Turri has been transferred to a permanent WG-02 laborer position. We find nothing in the district court's findings of fact to indicate that Turri now requires the remedy of lifetime tenure regardless of his performance as a WG-02 laborer. His claims for injunctive relief under the Rehabilitation Act for lack of reasonable accommodation are now moot by virtue of his transfer to a new position. Unless the district court makes specific findings of fact that there is more than a remote or speculative likelihood that the specific wrongs which Turri faced in the coin checker WG-02 position will be repeated, the permanent injunctive relief in favor of Turri should be dissolved. Cf. Preiser v. Newkirk, 422 U.S. 395, 402 (1975) (claims for injunctive relief mooted by transfer of prisoner absent reasonable expectation that adverse action would ensue and wrong repeated).2

IV.

A disabled employee "is required to be qualified for the then current 'position' he holds ... and transfer is not required." Fuller v. Frank, 916 F.2d 558, 562 (9th Cir.1990) (citation omitted). Miller wishes to continue as a permanent WG-02 coin checker. The job description for permanent WG-02 coin checkers states that "[a]lertness, mental concentration and excellent eye-hand coordination are required to detect imperfections and to work quickly in meeting production requirements." With the Mint's shift from assembly line to single-worker stations in order to increase efficiency, the Mint has established new production requirements for the five coin program based on a daily production quota.

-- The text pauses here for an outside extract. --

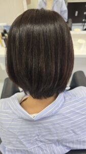 縮毛矯正は本来180℃でしますが、ダメージのある毛先などは人により150〜160℃の低温設定で施術。髪のタンパク変性を抑え、「自然にまとまる」ストレートを実現。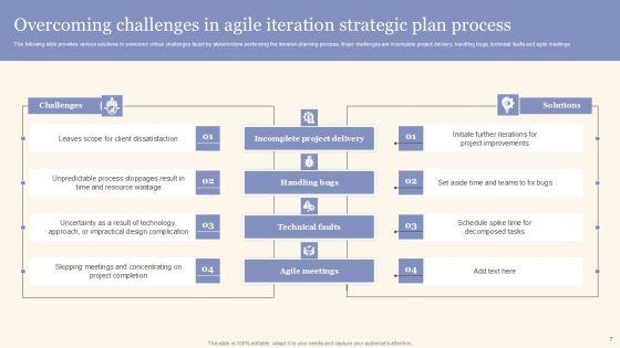 The following slide provides various solutions to overcome critical challenges faced by stakeholders performing the iteration planning process. Major challenges are incomplete project delivery, handling bugs, technical faults and agile meetings. Presenting Overcoming Challenges In Agile Iteration Strategic Plan Process Rules PDF to dispense important information. This template comprises four stages. It also presents valuable insights into the topics including Challenges, Solutions. This is a completely customizable PowerPoint theme that can be put to use immediately. So, download it and address the topic impactfully.

The district court concluded that the daily production quota "was not an 'essential function' of the Coin Checker WG-02 position", was "not reasonable", and was "unlawful". These are legal conclusions which erroneously interfere with an agency's prerogative to choose and develop objective performance appraisal methods best suited to their needs. See, e.g. Wilson v. Dep't of Health & Human Serv., 770 F.2d 1048, 1052 (Fed.Cir.1985). "It is not the court's job to establish minimum qualification standards" for public employees. Lucero v. Hart, 915 F.2d 1367, 1371-72 (9th Cir.1990). After a thorough review of the entire district court record we conclude that the daily production quotas are an essential function of the coin checker WG-02 position. Moreover, it is evident that despite extensive efforts from court-appointed rehabilitation specialists to accommodate her, Miller still cannot meet the production requirements for the five coin program.

Miller contends that her court-ordered assignment to do intermittent work in the Mint's special coins program and "other duties" when special coin work is not available is a reasonable accommodation of her disability under the Americans With Disabilities Act (ADA), relevant EEOC regulations, and case law. But Miller's reliance upon the type of reassignment contemplated in Buckingham v. United States, 998 F.2d 735 (9th Cir.1993), Arneson v.